L’ATTENTATO DI SARAJEVO
Il 28 giugno del 1914 a Sarajevo un militante nazionalista serbo aderente alla società segreta
“La mano nera” uccide in un attentato l’arciduca Francesco Ferdinando, erede al trono
dell’Impero austro-ungarico, e sua moglie Sofia. Il governo serbo era contrario alla guerra,
ma dentro la Serbia vi erano circoli militari e nazionalisti incontrollabili.
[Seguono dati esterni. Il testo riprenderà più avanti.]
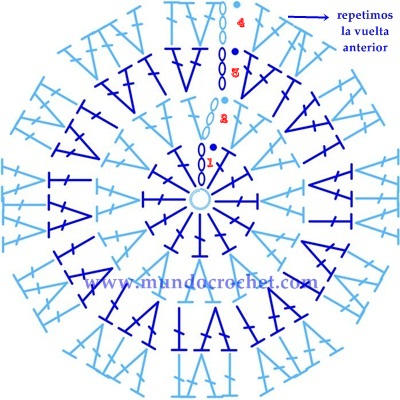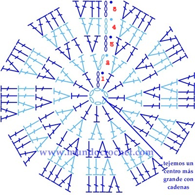 La cantidad de puntos de la 1º vuelta dependerá del punto con el que tejamos nuestro círculo:

L’Austria era pronta
a dichiarare guerra con l’appoggio della Germania, con la convinzione che la Francia e
l’Inghilterra sarebbero rimaste fuori e che gli scenari possibili erano quelli di una guerra o
solo con la Serbia o con la Serbia e la Russia. La strategia tedesca era basata su valutazioni
errate. Il 23 luglio l’Austria fu spinta dalla Germania a consegnare l’ultimatum alla Serbia,
pretendendo la partecipazione di funzionari austriaci alle indagini sull’attentato, una
richiesta che fu giudicata dai serbi lesiva della loro sovranità nazionale. La Gran Bretagna
propone una conferenza internazionale a Berlino, ritenendo che l’Austria sia un cliente della
Germania, la quale non era del tutto contraria. L’Austria invece rifiuta la proposta
sentendosi umiliata dal fatto di non essere stata direttamente interpellata. Così il 28 luglio
l’Austria dichiara guerra alla Serbia, il governo russo dichiara la mobilitazione parziale e
l’Inghilterra dichiara la sua non neutralità. Berlino tenta di convincere Vienna a stipulare un
accordo con la Russia, ma il 30 luglio Nicola II dichiara la mobilitazione generale. La
Germania lancia un ultimatum sia alla Russia, intimando al governo di sospendere la
mobilitazione generale, sia alla Francia, intimandole di restare neutrale in caso di guerra con
la Russia. Fu la Germania a iniziare le operazioni belliche, attuando il “piano Schlieffen”,
elaborato sin dal 1905 dall’allora capo di stato maggiore del Reich. Tale piano prevedeva il
fatto che nel giro di 40 giorni bisognava eliminare la minaccia francese per potersi poi
rivolgere al fronte orientale contro la Russia, che avrebbe impiegato 40 giorni per mobilitare
il suo esercito. Il 1 agosto la Germania dichiara guerra alla Russia, il 3 agosto viola la
neutralità del Belgio invadendolo e contemporaneamente dichiara guerra alla Francia. Il 4
agosto il Regno Unito dichiara guerra alla Germania, giungendo a una guerra generale. Si
assiste così ad una crisi in assenza di una lucida consapevolezza degli scenari possibili. Errori
di valutazione e opacità nelle comunicazioni tra le potenze contribuiscono alla scelta di una
strategia del rischio, che innesca un meccanismo che va ben oltre gli scenari raffigurati e
conduce a una guerra generale probabile ma non inevitabile.